Thursday, July 9, 2020

The Spaciousness of Books (in the time of Covid)

Twenty-first century clutter traps me
fills my time and in a daze my days disappear
What with Facebook and Messenger and FaceTime, Twitter Email YouTube Wikipedia Blogs Podcasts Texting Internet Research and now due to Covid Zoom Gatherings and Facebook Events 
Twentieth century paper clutter is still around still abounds 
mail delivered daily: donation pleas, advertising come-ons
-- tossed out
magazines mailed monthly: AARP, Consumer Reports and more
-- kept in baskets
handouts printouts notes from classes, events, workshops, all on Zoom!
-- kept in files and piles (like my emails, maybe to read or to need later)


Yet in my house there are books
  on shelves
    on tables
      on night-stands

many old 
a few new

some purchased
-- before my library re-opened

now thankfully some from my library

some from friends
 -- cautiously carefully borrowed


Books with their solid feel
and their sometimes temporary status
I read them now
(unlike my Kindle long gone, its electronic books unread)

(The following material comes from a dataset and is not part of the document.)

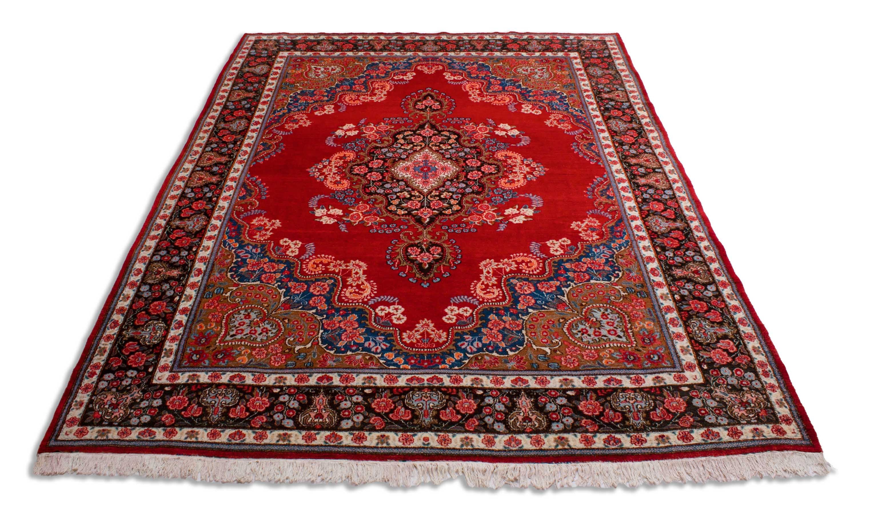 Floraler alt Meschad, weinrot avec médaillon et frontière

Books in the twenty-first century are
unique      a treat      rare

and when I curl up in a chair
  and hold a book
    and feel the paper
      and turn its pages

when I read and reread and mark parts I love
  with sticky notes or paperclips or highlighting
      or when I underline

my life is spacious and slow

in the old-fashioned twentieth century way



This poem published November 2018 at https://www.poetsandpatrons.net/
Revised Summer 2020 to reflect changes brought on by the Covid Sequester


2 comments:

  1. Replies
    1. Thanks Ellie. Books mean even more during the sequestor, and reading this summer in the hot humid days (with a fan blowing) reminds me summer days when I was a child, enjoying lots of time to read many books.